ACTIVITY: Beginning with the line below that contains "День знаний в" and ending with the line that contains "Il 2022 si chiude", retype every line exactly. Pictures are not copied.

** Opening EXTRACTED INFORMATION block **

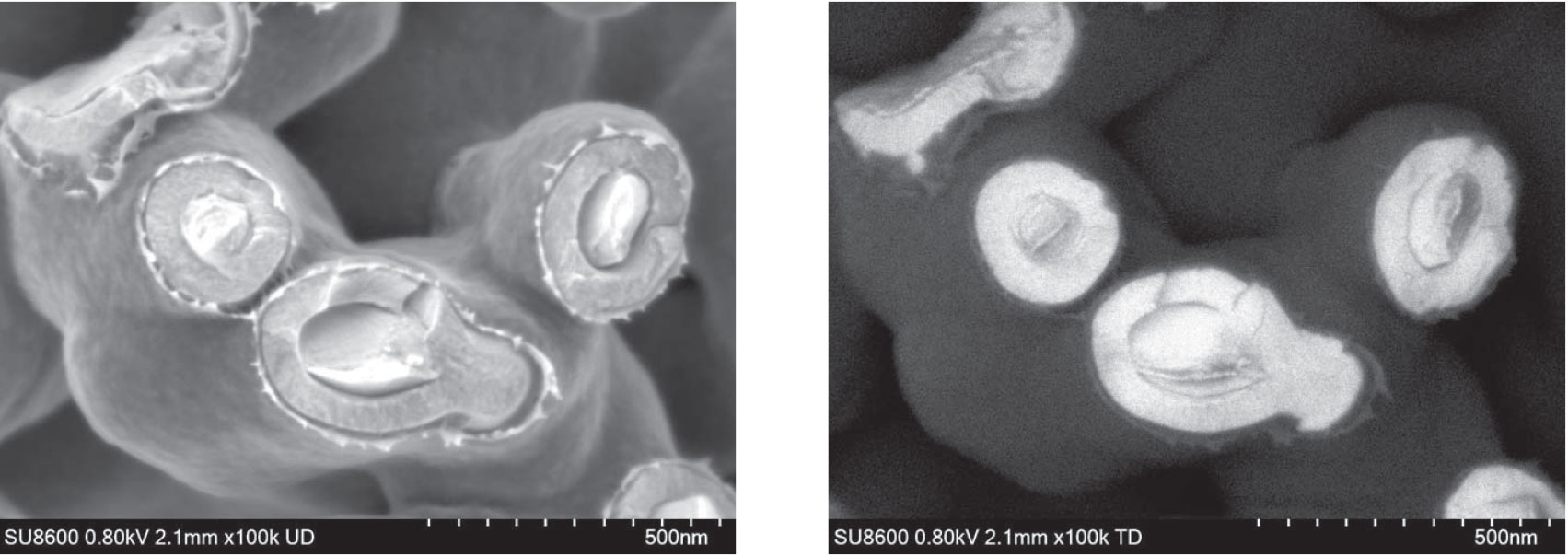 使用能量过滤的BSE信号,可清晰的观察到囊体膜等超微结构(右图)。
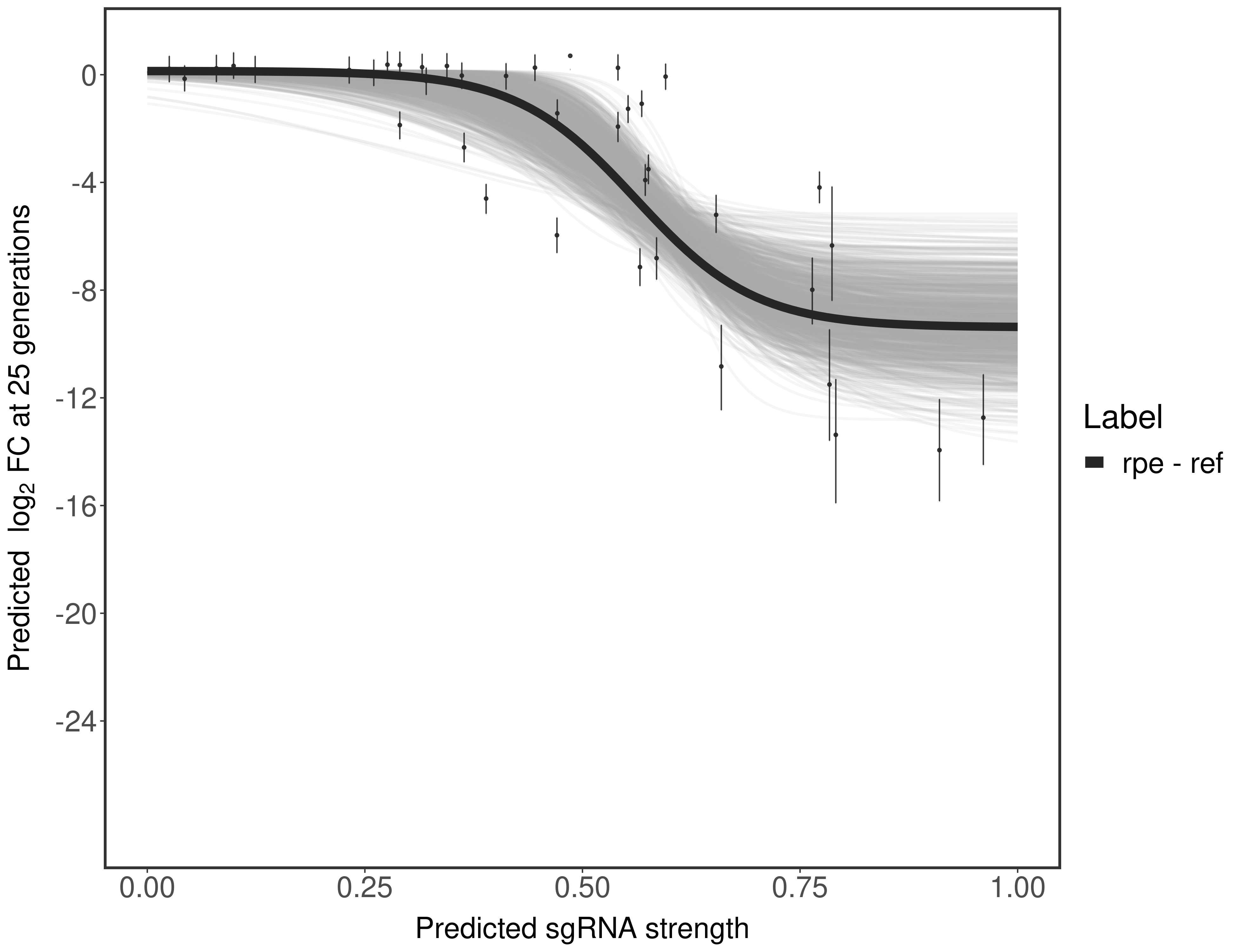 In order to quantify gene vulnerability, data were subsequently analyzed with a hierarchical model at the sgRNA level (two-line model) and gene level (Hill curve). The vulnerability quantification is shown below. [More information]
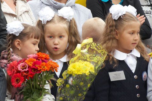 День знаний в 51-ой школе начался с гимна города. Когда старшеклассники исполняли его, первоклашки смотрели на них, раскрыв рты.
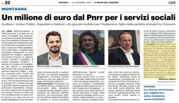 Il 2022 si chiude dunque con un altro obiettivo raggiunto da parte dell’Unione Appennino: dopo i risultati sul Pinqua, i Piani Urbani Integrati (Brasimone e Cartiera), Bando borghi (Campolo, Camugnano e Monteacuto delle Alpi), Green Communities e altre misure sempre a sostegno dei servizi sociali, possiamo dire che l’ppennino bolognese con il PNRR ha fatto un vero e proprio en plein.
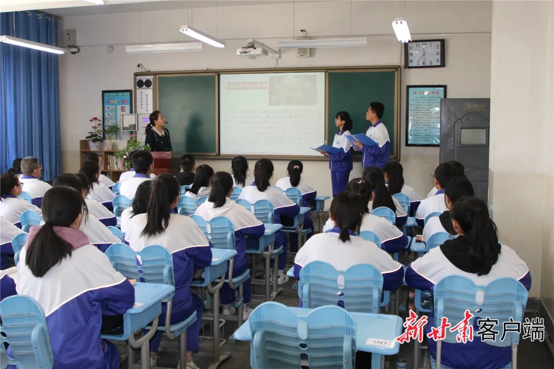 4月16日上午,记者在学校教学楼一楼看到,高二(5)班正在开展“缅怀革命先烈,传承红色基因”的主题班会,另一间教室里,书法特长的学生正用不同字体书写“学史明理、学史增信、学史崇德、学史力行”。操场上,正在排练大型舞蹈《春海》和大型合唱节目《从七月开始》。在校园一侧,矗立着一栋显眼的建筑。据介绍这栋建筑叫做“凤凰台”,如今已经改造成校史馆。走进校史馆,学生大使刘烨正为同学们讲身边榜样:甘肃最早的共产党员、武威乃至甘肃革命火种传播第一人、武威师范学校(十八中前身)国文历史教员——张一悟同志生平事迹的介绍、推广和传播。

** Closing EXTRACTED INFORMATION block **

EXPECTED ANSWER:
 День знаний в 51-ой школе начался с гимна города. Когда старшеклассники исполняли его, первоклашки смотрели на них, раскрыв рты.
 Il 2022 si chiude dunque con un altro obiettivo raggiunto da parte dell’Unione Appennino: dopo i risultati sul Pinqua, i Piani Urbani Integrati (Brasimone e Cartiera), Bando borghi (Campolo, Camugnano e Monteacuto delle Alpi), Green Communities e altre misure sempre a sostegno dei servizi sociali, possiamo dire che l’ppennino bolognese con il PNRR ha fatto un vero e proprio en plein.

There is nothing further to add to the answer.